───── Data extract

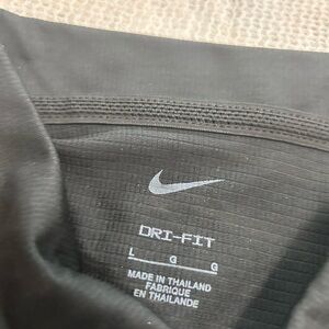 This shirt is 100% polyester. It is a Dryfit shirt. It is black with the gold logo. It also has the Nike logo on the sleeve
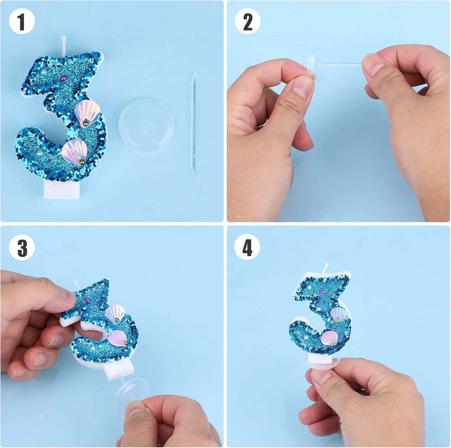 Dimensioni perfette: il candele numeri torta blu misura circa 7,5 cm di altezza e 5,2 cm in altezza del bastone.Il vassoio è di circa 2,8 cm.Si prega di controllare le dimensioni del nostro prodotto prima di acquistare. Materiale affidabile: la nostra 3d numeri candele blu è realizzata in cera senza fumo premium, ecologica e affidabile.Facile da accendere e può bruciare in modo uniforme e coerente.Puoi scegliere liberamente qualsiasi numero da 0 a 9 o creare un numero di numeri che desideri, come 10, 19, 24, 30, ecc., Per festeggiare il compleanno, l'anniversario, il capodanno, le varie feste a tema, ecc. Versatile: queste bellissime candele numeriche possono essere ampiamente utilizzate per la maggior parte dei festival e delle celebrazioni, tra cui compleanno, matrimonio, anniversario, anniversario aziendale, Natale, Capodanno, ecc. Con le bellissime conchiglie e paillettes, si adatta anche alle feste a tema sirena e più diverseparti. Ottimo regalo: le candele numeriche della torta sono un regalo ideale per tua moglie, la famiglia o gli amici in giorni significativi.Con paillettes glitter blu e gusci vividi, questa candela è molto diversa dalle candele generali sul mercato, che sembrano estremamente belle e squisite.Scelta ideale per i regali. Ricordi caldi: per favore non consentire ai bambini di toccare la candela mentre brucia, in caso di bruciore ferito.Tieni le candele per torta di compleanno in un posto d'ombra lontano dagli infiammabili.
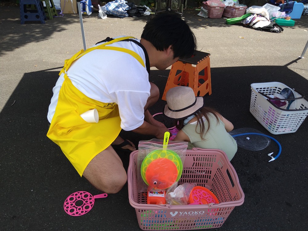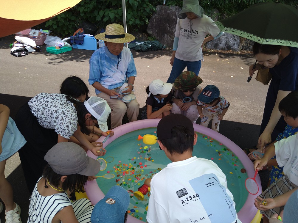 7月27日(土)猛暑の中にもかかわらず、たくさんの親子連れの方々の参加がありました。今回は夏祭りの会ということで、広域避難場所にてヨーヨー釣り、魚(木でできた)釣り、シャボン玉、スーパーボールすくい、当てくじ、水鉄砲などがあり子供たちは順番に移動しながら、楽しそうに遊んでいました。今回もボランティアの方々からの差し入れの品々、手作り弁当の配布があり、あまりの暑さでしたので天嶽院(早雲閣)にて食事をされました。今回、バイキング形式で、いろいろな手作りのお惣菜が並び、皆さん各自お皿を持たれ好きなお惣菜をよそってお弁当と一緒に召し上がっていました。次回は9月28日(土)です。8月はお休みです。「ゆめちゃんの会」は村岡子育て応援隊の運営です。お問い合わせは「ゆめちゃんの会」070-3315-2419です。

──────────

Goal of the exercise: All of the material shown above needs to be duplicated exactly. Omit every picture.

Solved exercise:
 This shirt is 100% polyester. It is a Dryfit shirt. It is black with the gold logo. It also has the Nike logo on the sleeve
 Dimensioni perfette: il candele numeri torta blu misura circa 7,5 cm di altezza e 5,2 cm in altezza del bastone.Il vassoio è di circa 2,8 cm.Si prega di controllare le dimensioni del nostro prodotto prima di acquistare. Materiale affidabile: la nostra 3d numeri candele blu è realizzata in cera senza fumo premium, ecologica e affidabile.Facile da accendere e può bruciare in modo uniforme e coerente.Puoi scegliere liberamente qualsiasi numero da 0 a 9 o creare un numero di numeri che desideri, come 10, 19, 24, 30, ecc., Per festeggiare il compleanno, l'anniversario, il capodanno, le varie feste a tema, ecc. Versatile: queste bellissime candele numeriche possono essere ampiamente utilizzate per la maggior parte dei festival e delle celebrazioni, tra cui compleanno, matrimonio, anniversario, anniversario aziendale, Natale, Capodanno, ecc. Con le bellissime conchiglie e paillettes, si adatta anche alle feste a tema sirena e più diverseparti. Ottimo regalo: le candele numeriche della torta sono un regalo ideale per tua moglie, la famiglia o gli amici in giorni significativi.Con paillettes glitter blu e gusci vividi, questa candela è molto diversa dalle candele generali sul mercato, che sembrano estremamente belle e squisite.Scelta ideale per i regali. Ricordi caldi: per favore non consentire ai bambini di toccare la candela mentre brucia, in caso di bruciore ferito.Tieni le candele per torta di compleanno in un posto d'ombra lontano dagli infiammabili.
 7月27日(土)猛暑の中にもかかわらず、たくさんの親子連れの方々の参加がありました。今回は夏祭りの会ということで、広域避難場所にてヨーヨー釣り、魚(木でできた)釣り、シャボン玉、スーパーボールすくい、当てくじ、水鉄砲などがあり子供たちは順番に移動しながら、楽しそうに遊んでいました。今回もボランティアの方々からの差し入れの品々、手作り弁当の配布があり、あまりの暑さでしたので天嶽院(早雲閣)にて食事をされました。今回、バイキング形式で、いろいろな手作りのお惣菜が並び、皆さん各自お皿を持たれ好きなお惣菜をよそってお弁当と一緒に召し上がっていました。次回は9月28日(土)です。8月はお休みです。「ゆめちゃんの会」は村岡子育て応援隊の運営です。お問い合わせは「ゆめちゃんの会」070-3315-2419です。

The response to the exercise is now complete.